The contribution of time factor (Month) was the highest, which was 10.6% in GAMs (Table 4). From April to June, as the month increased, fish larvae density first increased and then decreased (Figure 2a). Fish larvae density increased gradually from April to May and reached a peak in May, and then decreased sharply from May to June.
The contribution of spatial factors (Lon, Lat, Depth, Distance) was 15.7%, of which the contribution of Lon is 6.3% in GAMs (Table 4). In the range of 110.5° to 112.0° E, fish larvae density remained at a high level. In the range of 112.0° to 113.75° E, fish larvae density decreased sharply with the increase of longitude (Figure 2b). The contribution of Lat was 1.3% in GAMs (Table 4). In the range of 19.8° to 21° N, fish larvae density remained at a high level, the confidence interval decreased and the confidence level increased. In the range of 21°–22° N, with the increase of latitude, fish larvae density decreased slowly, the confidence interval increased and the confidence level decreased (Figure 2e). The contribution of depth was 3.9% (Table 4). In the range of 40–70 m, fish larvae density decreased with the increase of depth. In the range of 0–40 m, fish larvae density was stable at a higher level, the confidence interval decreased and the confidence level increased (Figure 2d). The contribution of distance was 4.2% (Table 4). In the range of 0–30 km, fish larvae density increased with the increase of offshore distance, the confidence interval decreased and the confidence level increased. In the range of 30–60 km, fish larvae density decreased with the increase of offshore distance; the confidence interval increased and the confidence level decreased (Figure 2f).
Environmental factors (SST, SSS) contributed 14% of which SST contributed 7% in GAMs (Table 4). In the range of 23–24 °C and 27–30 °C, fish larvae density increased with the increase of SST. In the range of 24–26 °C and 30–32.5 °C, fish larvae density decreased with the increase of SST. As SST increased, the confidence interval increased and the confidence level decreased (Figure 2g). The contribution of SSS was 7% (Table 4). In the range of 24–32 PSU, fish larvae density increased with the increase of SSS, the confidence interval decreased and the confidence level increased; and in the range of 32–34 PSU, fish larvae density decreased with the increase of SSS, the confidence interval decreased and the confidence level increased (Figure 2c). The fish larvae were mainly distributed in the waters of 110.5–112.0° E and 19.8–21° N.

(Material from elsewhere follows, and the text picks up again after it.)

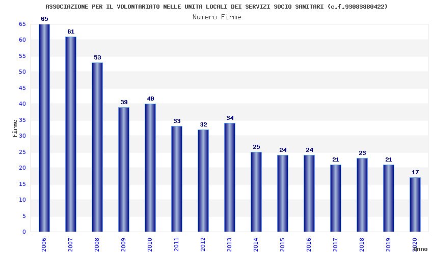 | Anno | Firme | Importi | Media | Naz. | Reg. | Prov. | Comu. |

3.2. Relationship between Spatiotemporal Variability of Fish Larvae, SST, and SSS

Spatiotemporal distribution of fish larvae and SST in the WGWs (Figure 3) showed that from April to June, with the increase of SST, fish larvae density first increased and then decreased, and the maximum density appeared in May. SST was 22–24 °C in April, 24–27 °C in May, and 27–30 °C in June. High fish larvae density was mainly distributed in the area with SST being 23–24 °C (Figure 3a) in April, in the sea area with SST being 26–27 °C (Figure 3b) in May, and in the area with SST being 28–30 °C (Figure 3c) in June. Fish larvae density in June was lower than that in April and May, and was mainly distributed in the sea area with SST higher than 28 °C (Figure 3c).
From April to June, SSS in the WGWs increased gradually, and waters with high SSS moved to the northwest (Figure 3d–f). High fish larvae density was concentrated in waters with SSS of 33.2–33.5 PSU (Figure 3d), in the area with SSS of 33.7–33.8 PSU (Figure 3e) in May, and in the area with SSS of 33.9–34.2 PSU (Figure 3f) in June.

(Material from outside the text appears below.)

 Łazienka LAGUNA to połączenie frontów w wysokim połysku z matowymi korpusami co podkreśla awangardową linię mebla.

3.3. Relationship between Spatiotemporal Variability of Fish Larvae, Depth and Slope

Spatiotemporal distribution of fish larvae density, water depth, and slope in the WGWs (Figure 4) showed that in general, fish larvae density in coastal waters was higher than that in offshore waters (Figure 4a). Fish larvae density was high in shallow waters (5–40 m) and low in deep waters (40–80 m, Figure 4a). It reached the peak at a depth of about 40 m (7462.73 10−3.ind m−3); (Figure 4a). Qiongzhou Strait and the area east of Hainan Island have large depth and slope (submarine topography slope > 1°), due to which fish larvae density in this area is generally higher than that in other areas (Figure 4b).

3.4. Spatiotemporal Variability of Center of Gravity (CoG) of Fish Larvae Density

From April to June, the CoG of fish larvae density in the WGWs first moved to the southwest, then to the northeast (Figure 5). The CoG of fish larvae density was near the PRE (111.30° E, 21.03° N) in April, moved to the southwest (111.15° E, 20.76° N) in May, and to the eastern Guangdong waters (111.90° E, 21.16° N) in June. From April to May, the CoG of fish larvae density moved 0.15° N to the south and 0.27° E to the west. From May to June, the CoG of fish larvae density moved 0.75° N to the north and 0.4° E to the East.

4. Discussion

The habitat of fish larvae in the WGWs was connected with local marine ecosystem including SST, SSS, Chl-a, depth, slope, etc. In addition, macrogeographical attributes, seasonal upwelling, and runoff from the Pearl River influenced the habitat.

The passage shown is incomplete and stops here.